Furthermore, although the column selection logic is implemented in FIG. 4 by providing independent column addresses to the four column decoders 116, other embodiments might be configured differently. For example, each column decoder might be configured to receive the column address and offset, and to individually account for the offset when making a column selection.
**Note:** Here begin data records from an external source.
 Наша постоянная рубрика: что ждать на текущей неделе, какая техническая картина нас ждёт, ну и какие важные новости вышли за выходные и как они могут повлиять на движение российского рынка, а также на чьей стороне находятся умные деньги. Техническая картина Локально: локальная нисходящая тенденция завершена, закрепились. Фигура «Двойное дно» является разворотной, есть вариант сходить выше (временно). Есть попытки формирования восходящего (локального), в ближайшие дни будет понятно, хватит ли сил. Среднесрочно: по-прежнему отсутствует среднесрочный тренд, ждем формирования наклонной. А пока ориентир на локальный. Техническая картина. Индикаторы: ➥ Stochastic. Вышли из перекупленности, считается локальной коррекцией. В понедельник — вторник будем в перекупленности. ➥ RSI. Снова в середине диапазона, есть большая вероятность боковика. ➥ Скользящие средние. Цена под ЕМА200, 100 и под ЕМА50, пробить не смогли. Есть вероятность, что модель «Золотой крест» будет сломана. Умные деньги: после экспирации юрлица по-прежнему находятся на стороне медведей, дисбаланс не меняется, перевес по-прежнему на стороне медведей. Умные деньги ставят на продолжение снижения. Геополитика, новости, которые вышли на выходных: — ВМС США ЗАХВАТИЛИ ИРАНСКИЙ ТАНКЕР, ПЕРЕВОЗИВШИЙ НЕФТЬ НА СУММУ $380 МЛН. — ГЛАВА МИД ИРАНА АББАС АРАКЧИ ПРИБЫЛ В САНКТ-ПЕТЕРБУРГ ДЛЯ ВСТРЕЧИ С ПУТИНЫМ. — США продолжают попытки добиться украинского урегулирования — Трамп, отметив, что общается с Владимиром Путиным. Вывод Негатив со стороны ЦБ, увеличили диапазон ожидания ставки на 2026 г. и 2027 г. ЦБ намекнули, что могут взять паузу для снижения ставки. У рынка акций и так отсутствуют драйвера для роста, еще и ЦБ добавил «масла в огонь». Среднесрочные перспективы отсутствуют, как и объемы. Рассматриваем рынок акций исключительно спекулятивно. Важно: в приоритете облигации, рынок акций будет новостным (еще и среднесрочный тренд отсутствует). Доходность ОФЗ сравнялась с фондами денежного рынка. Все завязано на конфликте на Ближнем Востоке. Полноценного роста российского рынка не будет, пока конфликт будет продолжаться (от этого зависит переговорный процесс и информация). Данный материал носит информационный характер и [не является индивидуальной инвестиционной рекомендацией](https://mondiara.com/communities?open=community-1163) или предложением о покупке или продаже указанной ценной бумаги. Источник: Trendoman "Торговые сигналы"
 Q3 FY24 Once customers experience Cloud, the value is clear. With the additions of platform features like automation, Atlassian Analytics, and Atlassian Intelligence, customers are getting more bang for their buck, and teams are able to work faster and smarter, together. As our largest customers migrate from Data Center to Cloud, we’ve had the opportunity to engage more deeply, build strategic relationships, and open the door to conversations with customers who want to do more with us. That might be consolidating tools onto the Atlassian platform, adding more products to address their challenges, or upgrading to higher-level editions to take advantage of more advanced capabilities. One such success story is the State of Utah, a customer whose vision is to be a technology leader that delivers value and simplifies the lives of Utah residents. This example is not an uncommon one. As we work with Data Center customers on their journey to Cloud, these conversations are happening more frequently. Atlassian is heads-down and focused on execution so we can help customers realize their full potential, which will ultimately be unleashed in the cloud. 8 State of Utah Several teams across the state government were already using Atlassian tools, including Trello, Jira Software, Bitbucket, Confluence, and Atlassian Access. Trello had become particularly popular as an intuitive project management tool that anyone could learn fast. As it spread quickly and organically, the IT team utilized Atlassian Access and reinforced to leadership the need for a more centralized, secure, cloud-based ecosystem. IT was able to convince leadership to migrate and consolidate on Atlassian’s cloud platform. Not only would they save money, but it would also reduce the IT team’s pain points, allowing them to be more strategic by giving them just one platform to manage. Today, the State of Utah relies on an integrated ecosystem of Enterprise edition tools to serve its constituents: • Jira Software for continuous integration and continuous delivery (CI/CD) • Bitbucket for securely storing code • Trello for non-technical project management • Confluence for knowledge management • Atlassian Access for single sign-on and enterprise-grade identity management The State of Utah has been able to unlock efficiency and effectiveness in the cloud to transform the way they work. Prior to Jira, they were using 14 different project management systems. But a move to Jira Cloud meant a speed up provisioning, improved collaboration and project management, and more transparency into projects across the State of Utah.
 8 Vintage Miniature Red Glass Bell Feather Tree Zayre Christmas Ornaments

FIG. 5, in conjunction with FIG. 4, illustrates an example of how different storage units can be selected. FIG. 5 shows the storage units of the row that has been selected in FIG. 4 by way of a previous RAS operation. As explained in the “Background” section, above, such a row comprises a page of storage units. FIG. 5 shows the memory page arranged in a linear sequence, as it might be viewed in many systems. A column address equal to 0 corresponds to storage units A0, B0, C0, and D0; a column address equal to 1 corresponds to storage units A1, B1, C1, and D1; a column address equal to 2 corresponds to storage units A2, B2, C2, and D2; and so on. Column or lane offsets are specified relative to the illustrated linear sequence of storage units.
In this case, assume it is desired to access storage units C1, D1, A2, and B2. This set of storage units is not aligned at a CAS boundary, but spans two column addresses. However, these storage units can be accessed in a single memory access operation by specifying a column address equal to 1 and a column or lane offset equal to 2. It should be noted that each of the requested storage units corresponds to a different data I/O lane 118 and associated lane decoder 116. This will be the case for any contiguous set of storage units whose number is less than or equal to the number of data I/O lanes.
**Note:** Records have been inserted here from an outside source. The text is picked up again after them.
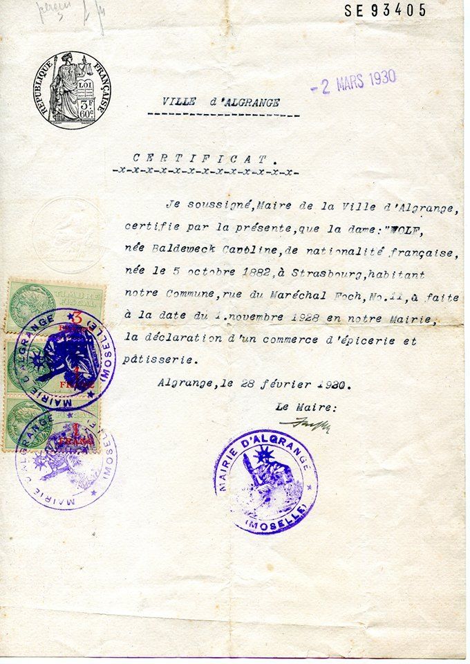 Dans les années 1930, c'était une épicerie et pâtisserie tenue par Caroline WOLF, puis dans les années 1950, c'était une pâtisserie-confiserie-glaces tenue par Mme MARION...
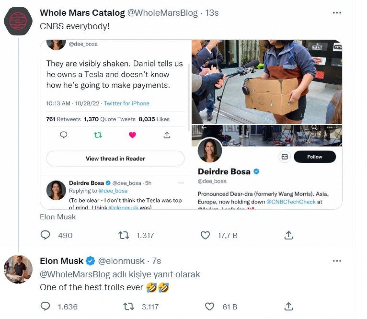 Ellerindeki koliyle Twitter merkez binası önünde muhabirlere konuşan iki kişi şirketten kovulduklarını söyledi, ABD medyası da haberi son dakika koduyla geçti. İki kişinin şaka yaptığı ortaya çıktı, Twitter'ın yeni patronu Elon Musk da durumu, "Gelmiş geçmiş en iyi trolleme" olarak niteledi.
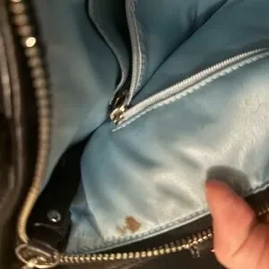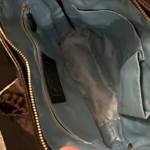 Interior: Bright blue satin lining with one zip pocket and two slip pockets.
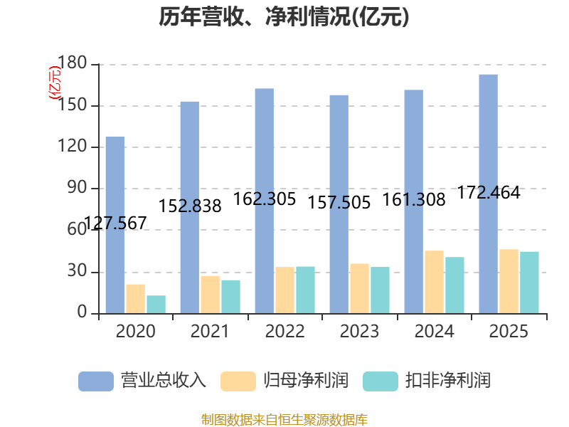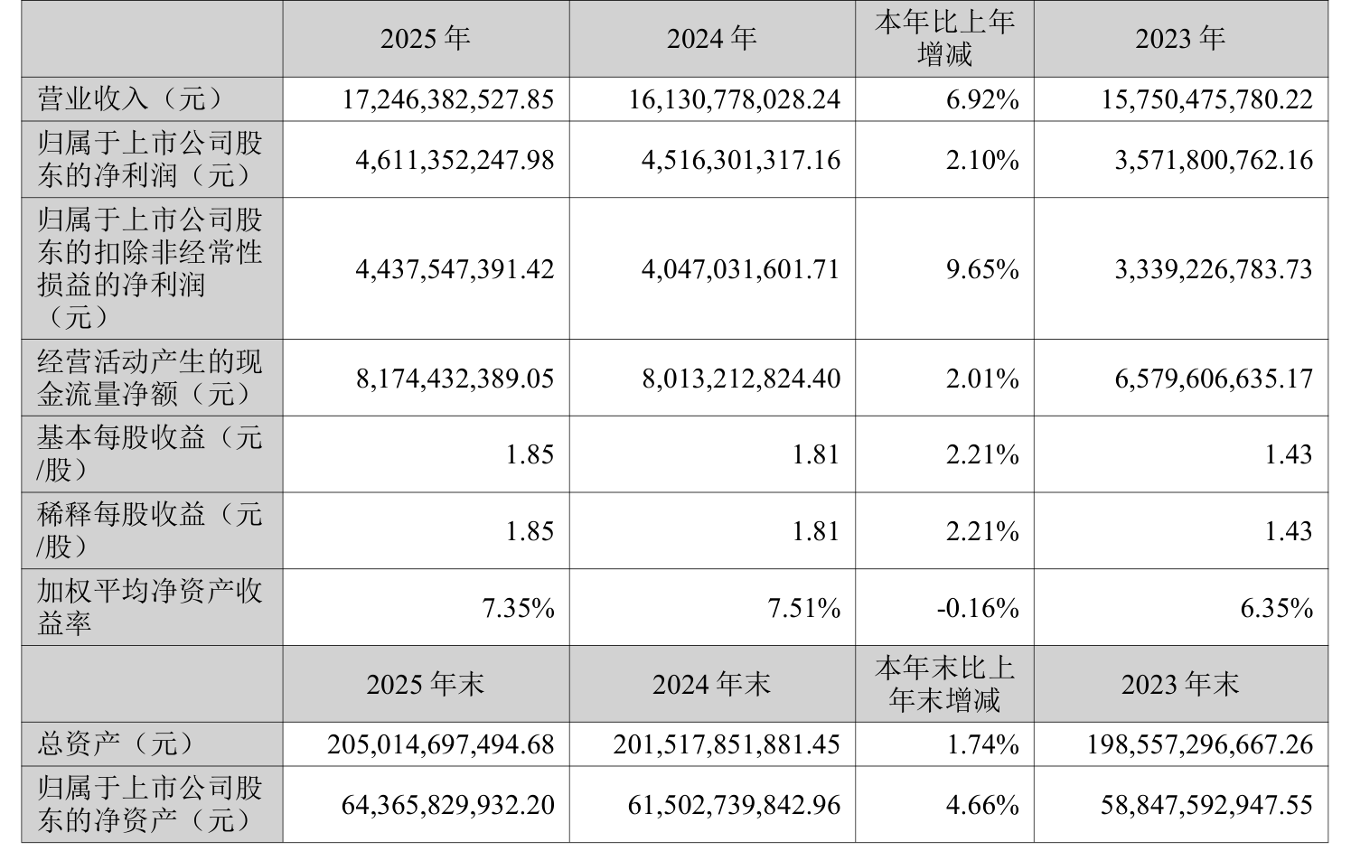 中证智能财讯招商港口(001872)4月3日披露2025年年度报告。2025年,公司实现营业总收入172.46亿元,同比增长6.92%;归母净利润46.11亿元,同比增长2.10%;扣非净利润44.38亿元,同比增长9.65%;经营活动产生的现金流量净额为81.74亿元,同比增长2.01%;报告期内,招商港口基本每股收益为1.854元,加权平均净资产收益率为7.35%。公司2025年度分配预案为:拟向全体股东每10股派现7.99元(含税)。

Decoder address specification logic 120 receives the column address of 1 and an adjustment value or lane offset value of 2. In response to receiving these values, logic 120 calculates decoder addresses for the respective column or lane decoders 116.
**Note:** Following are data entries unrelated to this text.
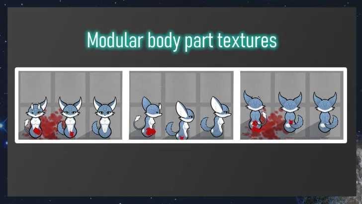 -Modular body part textures. Destruction of eyes/nose/ears/tail will be visible
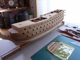 | 1/98スケールモデル“H.M.S. VICTORY“104門 戦列艦制作が最終仕上げ段階に入った。 20数年前にコーレル社(イタリア)製キットを 購入、組み立てを開始したが、船体部分がほぼ 出来あがった状態で千葉から仙台に引っ越しのため 陸送、引っ越しに際し業者が厳重梱包状態で運送した ものの漂流してしまった。 (今もまだ漂流中……行方不明) 幸いにも手元に残っていた図面、説明書に従い6mm厚航空ベニヤ板を購入し、糸のこを使用し、 キールを伐り出す等すべての部品を手作り、業務 多忙もあり製作の途中でお蔵入りになっていた。 |
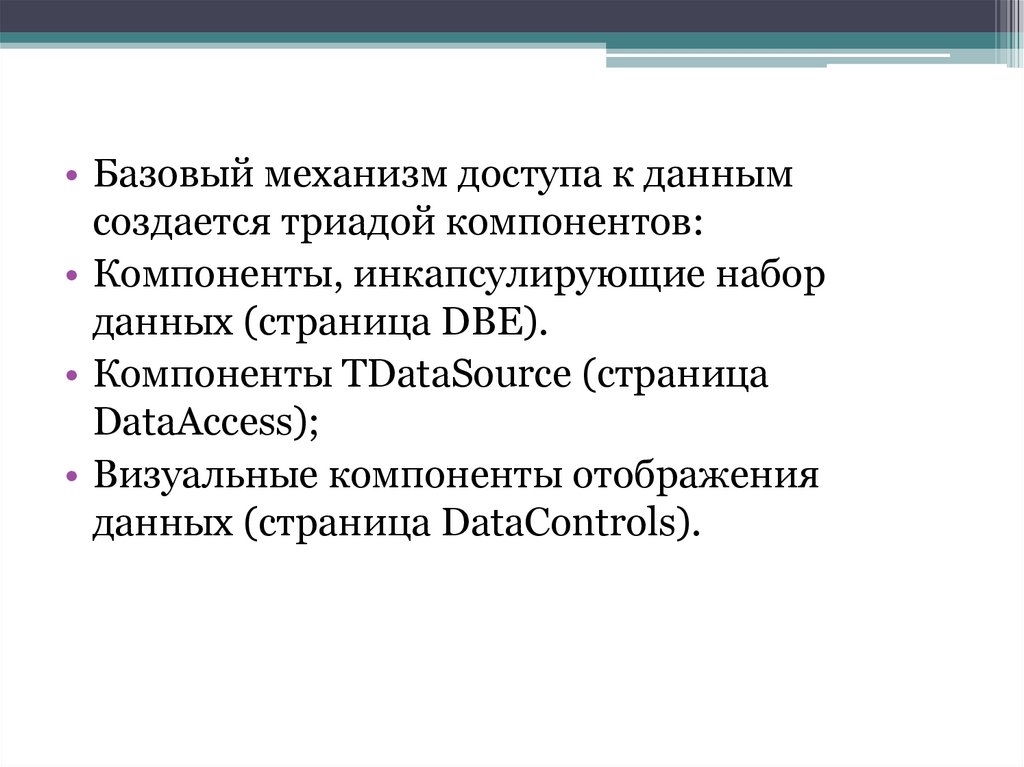 данным, таких как BDE, OLE, ODBC, DАО, АDО, и до сих пор

Vertical arrows in FIG. 4 indicate the column specified by logic 120 for each column decoder in this example. In response to the different column specifications, a different column can potentially be selected from each of the respective arrays 112. In this example, the two left-most column decoders 116(A) and 116(B) are supplied with column specifications corresponding to column 2 of each of the respective arrays 112(A) and 112(B), thereby accessing storage units A2 and B2 (column 2 of arrays 112(A) and 112(B)). The two right-most column decoders 116(C) and 116(D) are supplied with column specifications corresponding to column 1 of each of the respective arrays 112(C) and 112(D), thereby accessing storage units C1 and D1 (column 1 of arrays 112(C) and 112(D)). Thus, as illustrated at the bottom of FIG. 4, storage units C1, D1, A2, and B2 are transferred through I/O lanes 118.
Note that the storage units at I/O lanes 118 are out of their normal order, due to their natural lane assignments. That is, a storage unit from array 112(A) will always be accessed through I/O lane 118(A), a storage unit from array 112(B) will always be accessed through I/O lane 118(B), and so on. This is because any given storage unit is accessible in this implementation through one and only one I/O lane, and each storage unit is always accessible through the same I/O lane. Additional logic may be implemented within memory device 100 to restore the normal ordering at pins 118. However, memory device 100 preferably does not include such additional logic; devices that access memory device 100 are preferably configured to account for the variable ordering when using this mode of memory access.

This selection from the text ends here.